== What to do ==
Range to repeat from the listing below: the line containing "pM11743 Black Floral" down to the line containing "We’d been to", both included. Copy it exactly, pictures excluded, and add nothing else.

== Dataset entries ==
┏━━

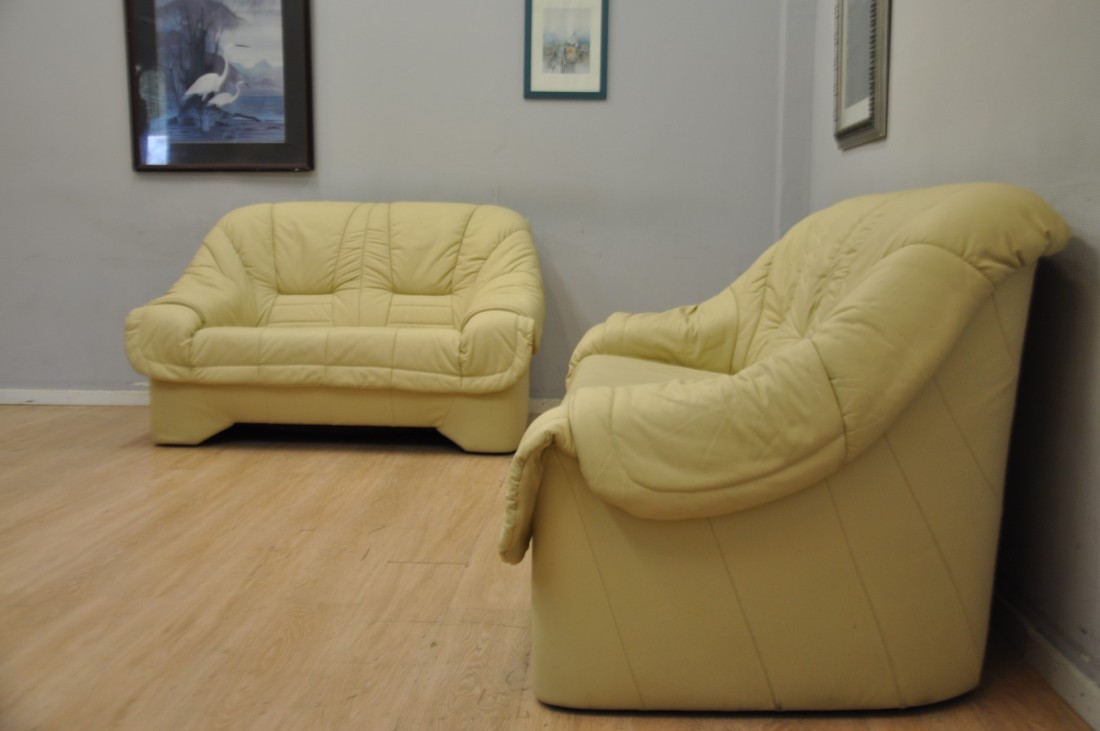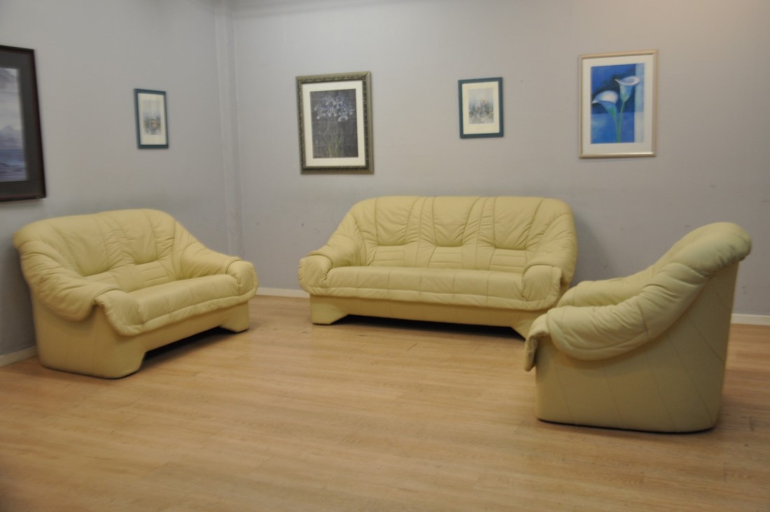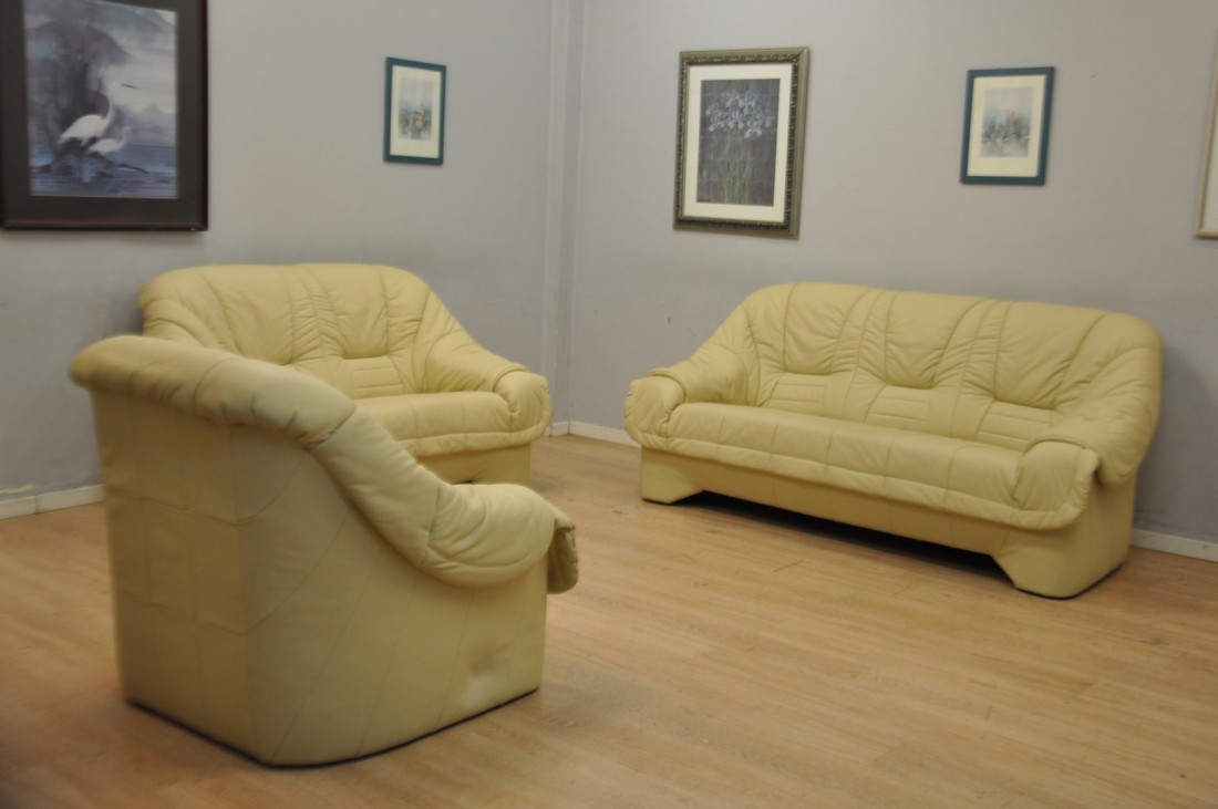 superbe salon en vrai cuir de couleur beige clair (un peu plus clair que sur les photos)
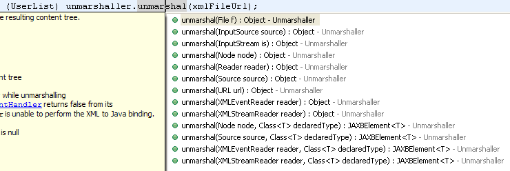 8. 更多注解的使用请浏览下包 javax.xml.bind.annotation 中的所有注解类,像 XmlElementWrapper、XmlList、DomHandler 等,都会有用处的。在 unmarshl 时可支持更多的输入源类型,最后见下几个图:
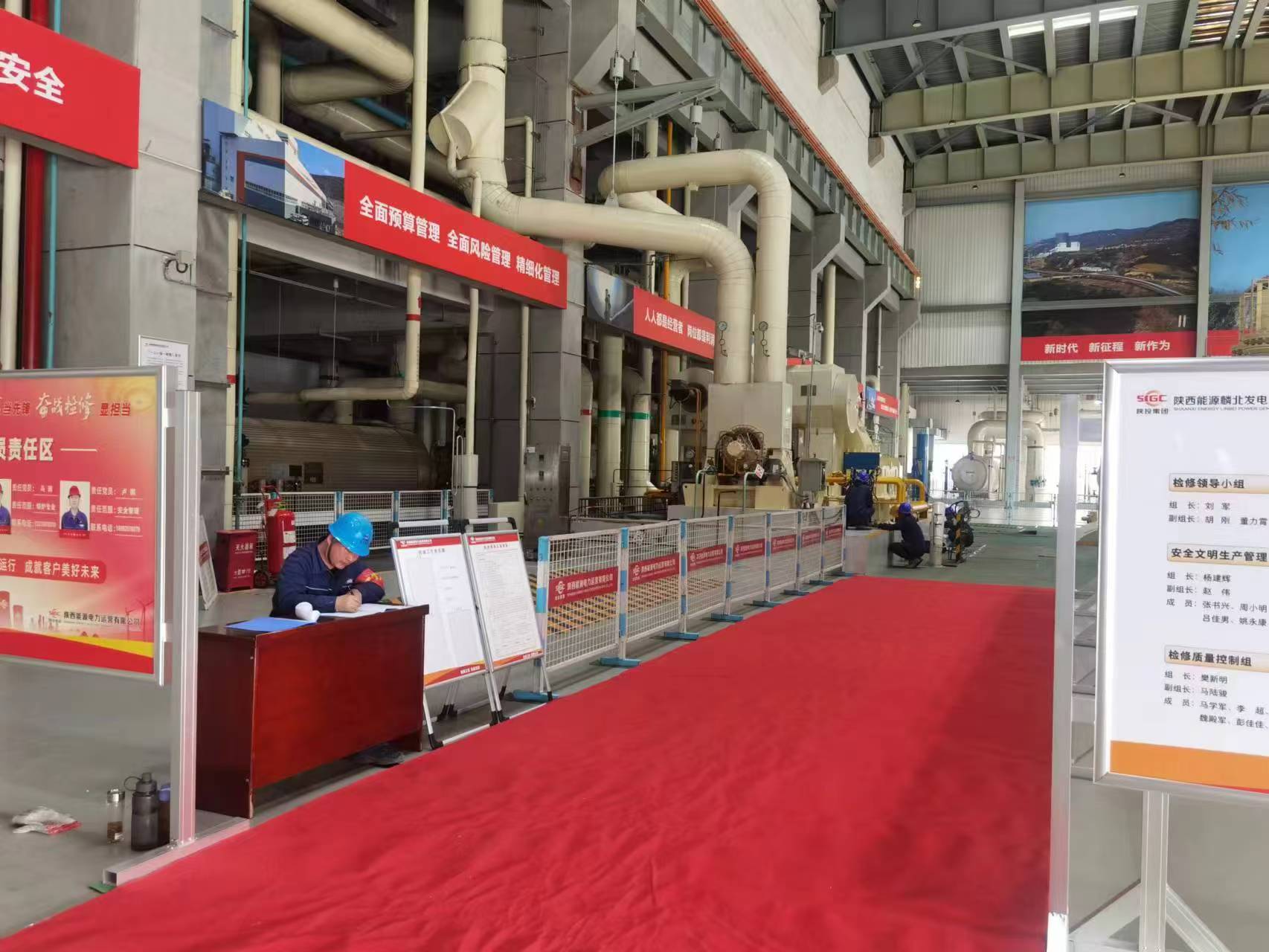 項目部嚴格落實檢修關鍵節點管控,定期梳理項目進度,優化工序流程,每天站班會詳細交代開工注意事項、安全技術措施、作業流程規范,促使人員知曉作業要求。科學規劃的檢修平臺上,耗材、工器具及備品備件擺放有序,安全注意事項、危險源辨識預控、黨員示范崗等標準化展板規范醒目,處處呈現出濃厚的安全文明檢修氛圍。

┗━━
┏━━

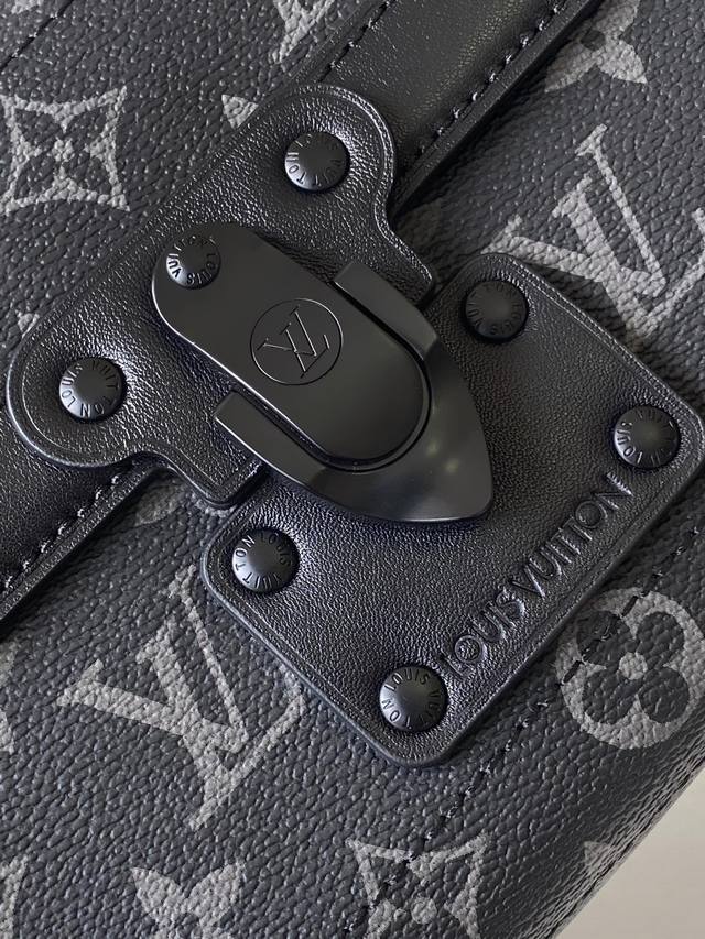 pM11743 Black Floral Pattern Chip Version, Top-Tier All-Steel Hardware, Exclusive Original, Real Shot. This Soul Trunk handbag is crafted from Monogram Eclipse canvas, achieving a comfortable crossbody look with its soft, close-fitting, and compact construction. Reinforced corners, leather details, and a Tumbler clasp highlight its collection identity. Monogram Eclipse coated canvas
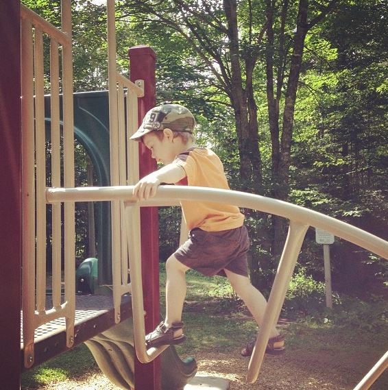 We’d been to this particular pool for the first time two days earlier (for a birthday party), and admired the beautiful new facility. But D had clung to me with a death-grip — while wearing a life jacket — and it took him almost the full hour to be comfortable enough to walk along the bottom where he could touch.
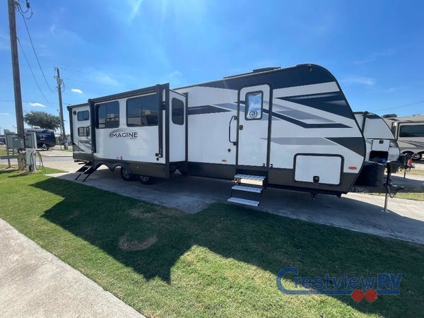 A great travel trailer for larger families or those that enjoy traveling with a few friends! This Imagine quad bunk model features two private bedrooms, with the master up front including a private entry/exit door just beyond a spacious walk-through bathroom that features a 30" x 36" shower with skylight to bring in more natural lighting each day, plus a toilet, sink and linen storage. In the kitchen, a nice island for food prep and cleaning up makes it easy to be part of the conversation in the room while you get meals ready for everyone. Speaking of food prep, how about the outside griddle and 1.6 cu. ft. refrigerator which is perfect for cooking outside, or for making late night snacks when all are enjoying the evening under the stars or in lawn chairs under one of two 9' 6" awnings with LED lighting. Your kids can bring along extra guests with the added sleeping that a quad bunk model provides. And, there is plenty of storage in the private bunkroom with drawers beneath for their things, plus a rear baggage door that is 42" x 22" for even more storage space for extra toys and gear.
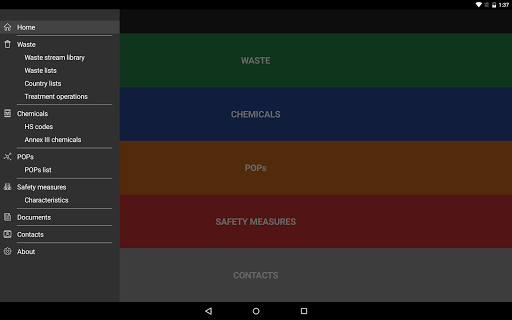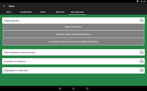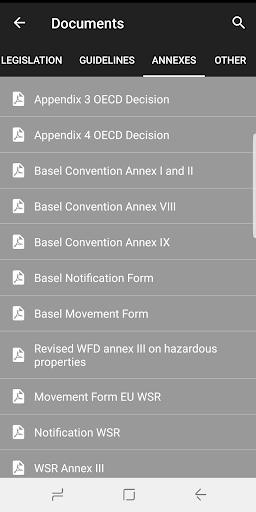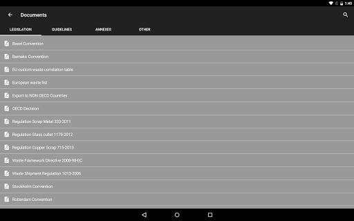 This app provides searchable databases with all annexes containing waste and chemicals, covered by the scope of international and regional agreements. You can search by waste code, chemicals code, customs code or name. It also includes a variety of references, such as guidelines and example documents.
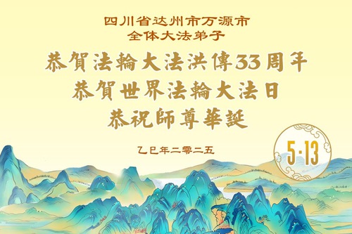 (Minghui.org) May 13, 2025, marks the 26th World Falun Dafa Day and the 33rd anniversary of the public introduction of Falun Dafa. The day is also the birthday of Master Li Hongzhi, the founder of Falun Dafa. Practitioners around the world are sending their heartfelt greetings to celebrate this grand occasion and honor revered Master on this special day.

┗━━

== Result below ==
 pM11743 Black Floral Pattern Chip Version, Top-Tier All-Steel Hardware, Exclusive Original, Real Shot. This Soul Trunk handbag is crafted from Monogram Eclipse canvas, achieving a comfortable crossbody look with its soft, close-fitting, and compact construction. Reinforced corners, leather details, and a Tumbler clasp highlight its collection identity. Monogram Eclipse coated canvas
 We’d been to this particular pool for the first time two days earlier (for a birthday party), and admired the beautiful new facility. But D had clung to me with a death-grip — while wearing a life jacket — and it took him almost the full hour to be comfortable enough to walk along the bottom where he could touch.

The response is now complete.